The 60-year-old only revealed his sightings after coworkers spoke of their own ghost encounters. “I didn’t want people to think something was wrong with me,” he said.
Image: Floyd Binns stands near the Scarab Club’s laundry room, where he says he has seen ghosts
As thousands of metro Detroiters visit haunted houses with costumed creatures and cardboard coffins from now until Halloween, Binns and other believers say real ghosts are revealing themselves year-round in random, nearby places.
From a prominent Detroit restaurant to small-town family businesses in northern Macomb County, ordinary people say they have encountered extraordinary things that are difficult to explain.
“We try to reassure them there’s nothing to fear,” said Robin Lemkie, founder of Ghost Hunters of Southern Michigan, who advises spooked clients to light a white candle for protection from God.
Lemkie’s group of so-called “sensitives” doesn’t charge clients to contact ghosts. They also carry cameras and tape recorders to capture sounds and sights they may not pick up in person.
Binns said most of his encounters with ghosts at the Scarab Club have been friendly, like the time he felt a finger tapping his shoulder as he searched for keys in the 80-year-old building’s basement.
“My keys were in the door. They tapped me on the shoulder to let me know,” he said.
The only sighting that truly frightened him, he said, was an incident late one night when he went to retrieve tablecloths from the washer and dryer area in the boiler room.
“There was a man in there pointing at the wall, and the washer and dryer wasn’t in there at all. And there were two or three people standing in there,” he said.
Binns said he ran upstairs, leaving the light on.
Lemkie said some people who contend they live or work in places haunted by ghosts are not afraid to coexist with them.
“It doesn’t bother us,” said Kathy Osebold, 48, who owns Main Street Café and an apartment in a century-old building in Richmond in Macomb County that she says is haunted by the original landowner, Earl.
“He doesn’t stay around all the time,” Osebold said. “While you’re sleeping, he likes to sit at the end of the bed. There’s an indentation.”
Mason Winfield, an East Aurora, N.Y.-based author and supernatural historian, said Binns’ and Osebold’s accounts are plausible because there have been well-documented ghost sightings.
“It’s just been going on too long to believe there’s nothing to it,” Winfield said .
Osebold said she and her husband, Bernie, were unfazed when the seller said the Richmond building they bought 11 years ago to live and work in was haunted.
Earl, whom psychics told the family was the German man who once owned the property, makes himself known by knocking items off shelves. Kathy Osebold says she even saw Earl once:
“It looks like a flash of a person. I actually did see color. It looked to be like blue overalls and maybe like a reddish-plaid shirt. He ran through the wall.”

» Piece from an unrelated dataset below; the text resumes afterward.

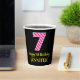 Este alegre diseño de pegatina cuadrado con temática de cumpleaños cuenta con un gran número "7", con rayas rosa claro y rosa oscuro. También incluye el mensaje "Feliz séptimo cumpleaños", más un nombre personalizado. El fondo es negro de color. Alegres tazas de papel como esta pueden ser divertidas de usar en una fiesta de cumpleaños que se celebra para alguien que está celebrando su séptimo cumpleaños. [~Z0000580]

Lumber baron David Whitney Jr. and wife Mary Jane didn’t die in their extravagant late 19th-Century mansion in Detroit that was converted to the Whitney restaurant, but their ghosts are still around, Lemkie said.
“I saw her go different times from her bedroom to her sitting room,” she said of Mary Jane Whitney.
Less-welcoming ghosts were found at the Pickle Barrel Inn in Willis and a Saline farmhouse.
Lemkie said the ghosts “can’t hurt us,” but added, “it’s a little frightening because it’s the unknown.”